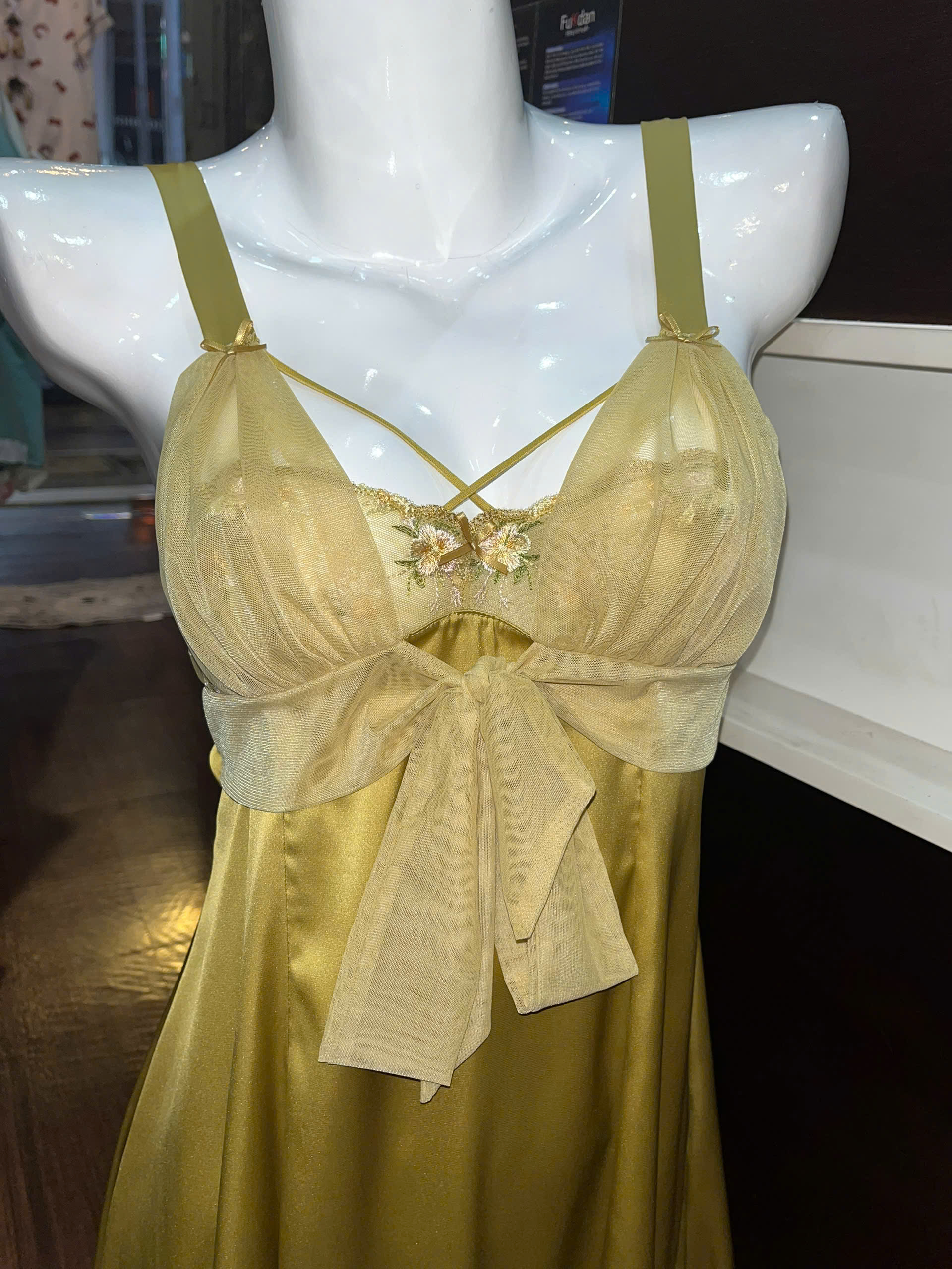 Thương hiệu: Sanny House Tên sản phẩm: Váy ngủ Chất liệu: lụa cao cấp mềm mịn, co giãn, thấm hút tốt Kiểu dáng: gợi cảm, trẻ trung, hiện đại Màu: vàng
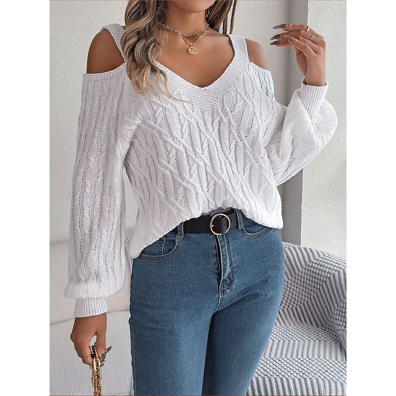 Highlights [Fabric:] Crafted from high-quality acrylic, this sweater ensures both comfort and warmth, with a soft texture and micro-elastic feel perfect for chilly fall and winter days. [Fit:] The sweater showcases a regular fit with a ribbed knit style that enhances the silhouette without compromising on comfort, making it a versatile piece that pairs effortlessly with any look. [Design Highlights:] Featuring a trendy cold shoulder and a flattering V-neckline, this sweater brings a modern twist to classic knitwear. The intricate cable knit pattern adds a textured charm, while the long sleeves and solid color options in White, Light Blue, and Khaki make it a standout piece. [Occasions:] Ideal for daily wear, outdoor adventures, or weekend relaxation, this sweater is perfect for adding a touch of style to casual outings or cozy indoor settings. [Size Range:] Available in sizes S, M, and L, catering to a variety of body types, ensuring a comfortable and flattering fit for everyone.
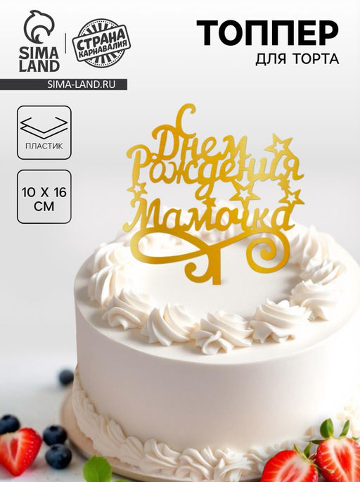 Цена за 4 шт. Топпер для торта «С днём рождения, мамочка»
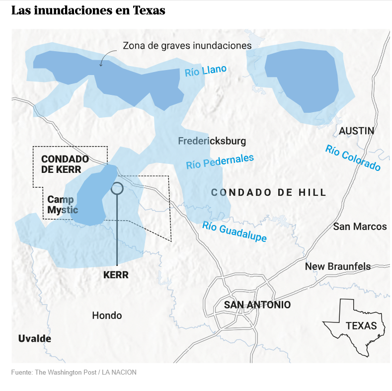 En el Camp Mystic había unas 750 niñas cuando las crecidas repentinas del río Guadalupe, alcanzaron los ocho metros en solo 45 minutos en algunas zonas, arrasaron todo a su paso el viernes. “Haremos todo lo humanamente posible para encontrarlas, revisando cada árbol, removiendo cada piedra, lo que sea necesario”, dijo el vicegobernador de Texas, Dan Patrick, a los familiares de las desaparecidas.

* * *

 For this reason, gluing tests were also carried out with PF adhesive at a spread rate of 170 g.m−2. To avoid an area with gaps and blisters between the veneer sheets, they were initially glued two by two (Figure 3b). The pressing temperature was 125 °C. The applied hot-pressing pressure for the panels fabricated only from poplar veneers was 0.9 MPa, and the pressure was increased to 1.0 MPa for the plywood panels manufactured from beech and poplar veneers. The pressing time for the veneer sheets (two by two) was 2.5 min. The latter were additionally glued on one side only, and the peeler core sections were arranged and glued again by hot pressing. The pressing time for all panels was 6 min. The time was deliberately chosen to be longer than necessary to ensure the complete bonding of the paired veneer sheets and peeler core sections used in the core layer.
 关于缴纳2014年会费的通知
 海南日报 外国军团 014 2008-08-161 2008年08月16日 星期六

* Assignment *
With the pictures omitted, restate word for word the lines above from the line that has "Highlights [Fabric:] Crafted" up to and including the line that has "En el Camp Mystic", and no other lines.

* Answer for the task *
 Highlights [Fabric:] Crafted from high-quality acrylic, this sweater ensures both comfort and warmth, with a soft texture and micro-elastic feel perfect for chilly fall and winter days. [Fit:] The sweater showcases a regular fit with a ribbed knit style that enhances the silhouette without compromising on comfort, making it a versatile piece that pairs effortlessly with any look. [Design Highlights:] Featuring a trendy cold shoulder and a flattering V-neckline, this sweater brings a modern twist to classic knitwear. The intricate cable knit pattern adds a textured charm, while the long sleeves and solid color options in White, Light Blue, and Khaki make it a standout piece. [Occasions:] Ideal for daily wear, outdoor adventures, or weekend relaxation, this sweater is perfect for adding a touch of style to casual outings or cozy indoor settings. [Size Range:] Available in sizes S, M, and L, catering to a variety of body types, ensuring a comfortable and flattering fit for everyone.
 Цена за 4 шт. Топпер для торта «С днём рождения, мамочка»
 En el Camp Mystic había unas 750 niñas cuando las crecidas repentinas del río Guadalupe, alcanzaron los ocho metros en solo 45 minutos en algunas zonas, arrasaron todo a su paso el viernes. “Haremos todo lo humanamente posible para encontrarlas, revisando cada árbol, removiendo cada piedra, lo que sea necesario”, dijo el vicegobernador de Texas, Dan Patrick, a los familiares de las desaparecidas.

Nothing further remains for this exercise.